The interior components of the freewheel unit were relatively dry and were coated with a residue of reddish-brown color and consistency ranging from oily to paste-like. A metallurgical analysis revealed that the residue was composed of oil and steel corrosion product (iron oxide or rust). Rust is a form of corrosion that results when the iron component of steel reacts with oxygen in the presence of water and creates an oxide that is red in color. Water can enter aircraft components by a variety of means including condensation, operation in rain and snow or during washing. It was evident that water had been present at some time however the source of the water could not be determined.

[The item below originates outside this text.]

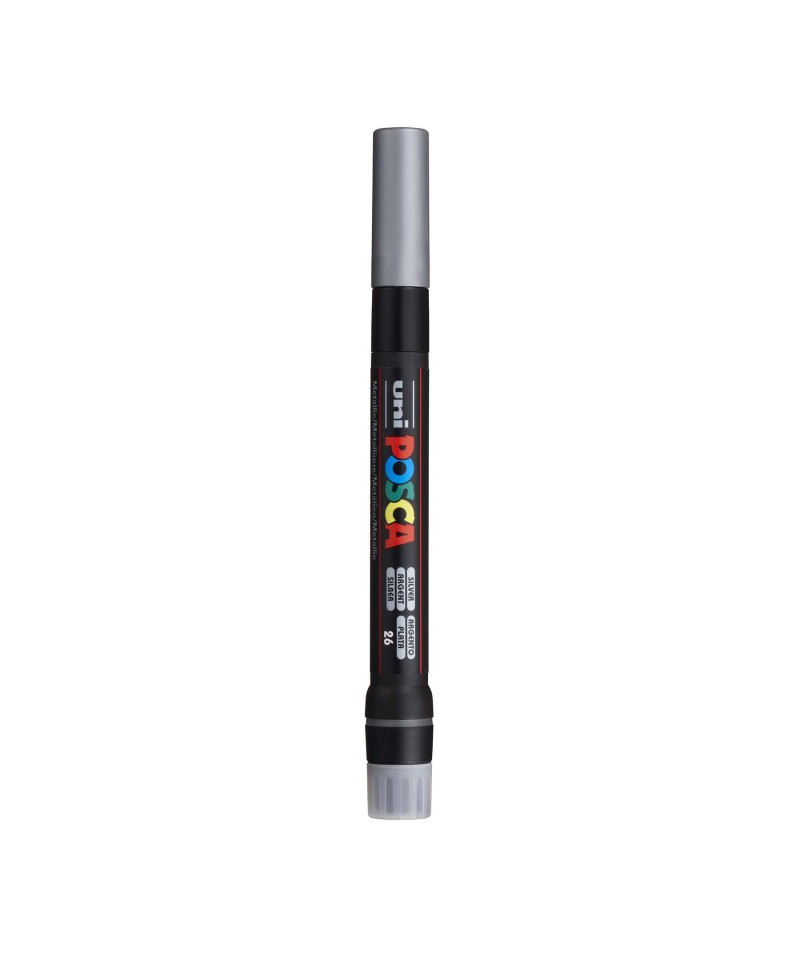 Create expressive, fluid strokes with the POSCA PCF-350 Paint Markers, Brush Tip (1–10 mm), Silver. Designed to mimic the feel and flexibility of a traditional paintbrush, this marker features a soft, tapered nylon brush tip that delivers dynamic line variation, from delicate, hairline details to broad, sweeping strokes. The water-based, highly opaque paint flows smoothly and dries quickly to a metallic silver finish, producing vibrant color on nearly any surface including paper, canvas, wood, glass, metal, plastic, stone, ceramic, and fabric. Ideal for calligraphy, illustration, brush lettering, watercolor-style effects, and mixed-media artwork, the PCF-350 allows artists to layer and blend color cleanly without smudging or bleed-through. The valve-controlled design ensures even paint distribution, while the durable brush tip maintains its shape for long-lasting performance. Perfect for beginners and professionals alike, this marker brings POSCA’s signature versatility to brush-style painting and precision detail work.

No wear particles were found. The sprag clutch raceway showed discoloration and multiple sprag engagement markings. The aft bearing showed signs of overheating and deterioration indicated by bluing and flat spots on the rollers. The outer diameter of the outer race showed circumferential rubbing marks consistent with rotation in its bore. The sprag clutch working surfaces showed some corrosion pitting as well as smearing consistent with heavy engagement. A representative sprag was selected for scanning electron microscope (SEM) examination. The working surface of the sprag showed surface deformation and smearing in the direction of engagement, consistent with clutch overload. Corrosion damage that predated the occurrence was also observed on the sprag surface. The driven side of the splines of the freewheel input shaft exhibited a non-uniform wear pattern that varied from forward to aft. Likewise, wear on the outboard bearing land was not uniform around the circumference.
Engine testing and examination
The engine with original fuel-control components was prepared for testing and was installed in a test cell. The engine and associated fuel-control components performed normally during all phases of the testing. To simulate a failed-freewheel-assembly engagement, the engine was accelerated from idle (63% N1 rpm) to full throttle with minimal load on the output shaft from the test cell dynamometer. In this condition an N1 rpm of 75% was sufficient to accelerate the N2 gear train until the governor held the N2 rpm steady at 104%.

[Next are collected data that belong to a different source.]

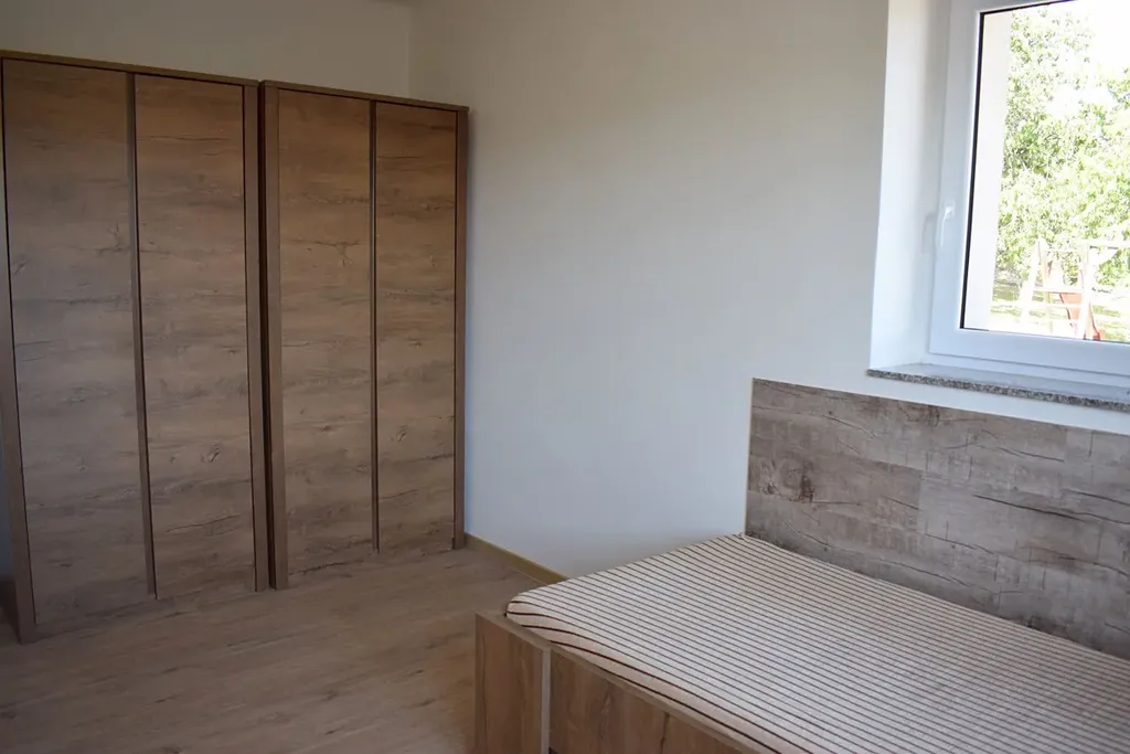 V Těšovicích u Prachatic, pronájem zrekonstruovaného domu o velikosti 4+ 1. Sestává se: v přízemí chodba, šatna, technická místnost, WC, velká společná kuchyně vybavená kuchyňskou linkou (mikrovlnná trouba, elektrický sporák se sklokeramickou deskou, digestoř, lednice), velký stůl se židlemi, pokoj se skříní a postelí. V patře 3 pokoje, dvě samostatné WC mísy, dvě sprchy a umyvadla, úložný prostor. Celkem je zde 8 postelí s nočními stolky a osm šatních skříní. Před domem možnost venkovního posezení. Majitel rekonstruoval nabízenou nemovitost za účelem pronájmu firmám pro ubytování řemeslníků. Do Prachatic 5 km, na přechod Strážný 35 km. PENB nebyl dodán, proto uvádíme třídu G. Majitel požaduje kauci ve výši jednoho nájemného + provize RK jeden nájem.
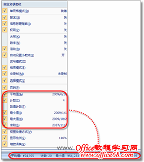 当选择工作表中的数据区域时,是否可以自动显示该区域数值的“最大值”、“最小值”、“平均值”或“求和”呢?在Excel工作簿的状态栏中,用户可以进行自定义设置,从而更直观地显示数据的相关计算值。
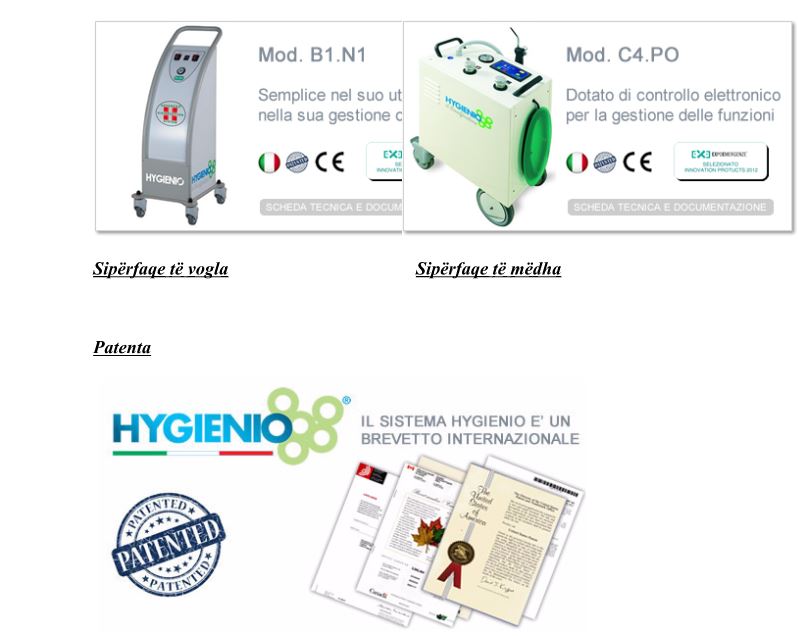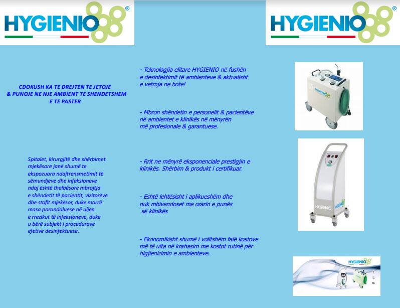 Teknologjia elitare Hygienio në fushën e dezinfektimit të ambienteve synon mbrojtjen e shëndetit të personelit dhe pacientëve në mënyrën me profesionale dhe garantuese.

TSB Laboratory examination results
Examination of the torque indicator revealed no useful information. Examination of the material blocking the outlet restrictor fitting (P/N 206-040-254-001) by SEM indicated that the material consisted mainly of corrosion products.
The following TSB Laboratory reports were completed:
- LP152/2011 Torque Indicator Examination
- LP153/2011 Examination of Helicopter Mast, Oil Cooler, Freewheel & Clutch Assemblies
The crew responded decisively to an emergency at a critical stage of flight in close proximity to the ground, and performed a successful autorotation landing. Neither environmental nor operational factors contributed to the occurrence. The analysis will address technical aspects relating to the helicopter's drivetrain.

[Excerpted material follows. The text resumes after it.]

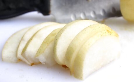 Cut thin slices and serve them immediately. Use your paring knife to cut each quarter into 4 or more thin slices. Asian pears are so crisp that they can be cut into very thin slices with a sharp knife. Asian pear slices usually don't brown as quickly as apples, but they will start to turn soon after you cut them. Browning doesn't affect the flavor, but it does lessen the visual appeal.
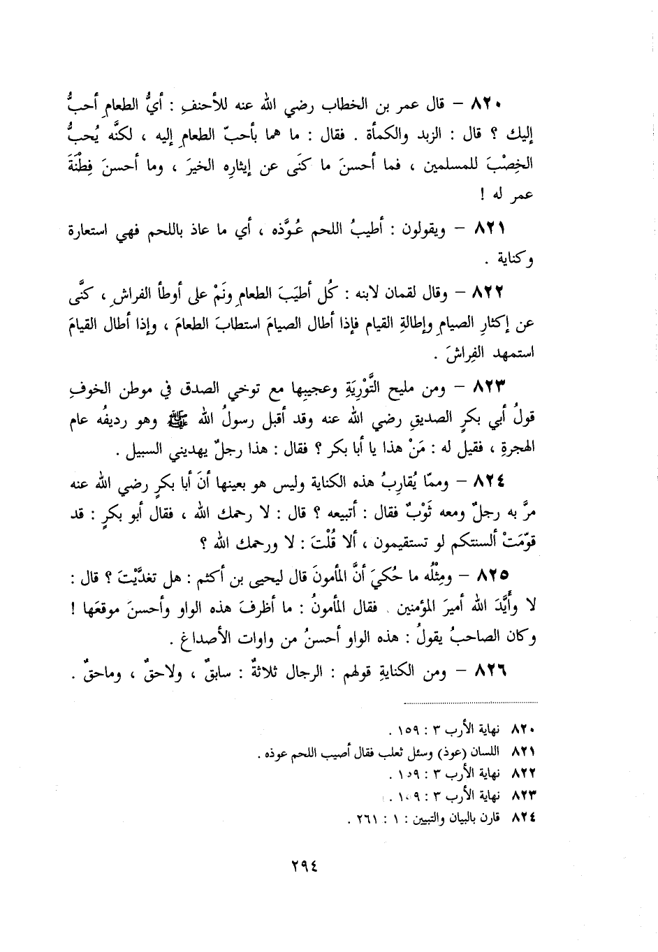«820» - قال عمر بن الخطاب رضي الله عنه للأحنف: أيّ الطعام أحبّ إليك؟ قال: الزبد والكمأة. فقال: ما هما بأحبّ الطعام إليه، لكنّه يحبّ الخصب للمسلمين، فما أحسن ما كنى عن إيثاره الخير، وما أحسن فطنة عمر له! «821» - ويقولون: أطيب اللحم عوّذه، أي ما عاذ باللحم فهي استعارة وكناية.

Bell TB 206-79-31 introduces a filter at the transmission oil outlet intended to prevent contamination of the restrictor. Although the filter was originally introduced to prevent particles of cut o-rings from contaminating the restrictor, it is likely that the filter would also be effective protection from other types of debris. This bulletin was optional and had not been incorporated, which increased the risk of contamination of the restrictor. The resulting reduction of oil flow may result in freewheel-assembly damage.
Since the installation of the freewheel assembly in March 2004, the aircraft had a relatively low annual utilization averaging approximately 145 hours per year interspersed with periods of inactivity. Chapter 10 of the Bell Standard Practices Manual provides procedures for aircraft preservation for storage and reactivation. However, there was no indication that these procedures were applied. The internal corrosion of the transmission oil cooler union, tube and freewheel assembly components predated the accident and indicates that water had been present in the transmission oil system. The transmission, oil cooler and piping had been installed in February 2002. Between then and March 2004, the aircraft flew approximately 722 hours so it is likely that the corrosion developed later. The investigation could not determine the source of the water contamination. It is likely that moisture was introduced into the transmission and freewheel oil system as condensation during periods of inactivity. The presence of moisture in the oil system would have led to corrosion in the freewheel assembly and transmission oil cooler fittings. This was indicated by the iron oxide paste that coated the internal components of the freewheel and pitting of the sprag surfaces, as well as the corrosion of the aluminum inlet union and magnesium outlet pipe attached to the transmission oil cooler. The pressure oil supply from the main rotor transmission to the freewheel assembly was reduced by a blockage at the restrictor (P/N 206-040-254-001) consisting of aluminum and magnesium corrosion products released from the transmission oil cooler union and pipe. The oil flow to the freewheel assembly was severely reduced. Operation without adequate lubrication resulted in damage and overheating of the already corroded internal components.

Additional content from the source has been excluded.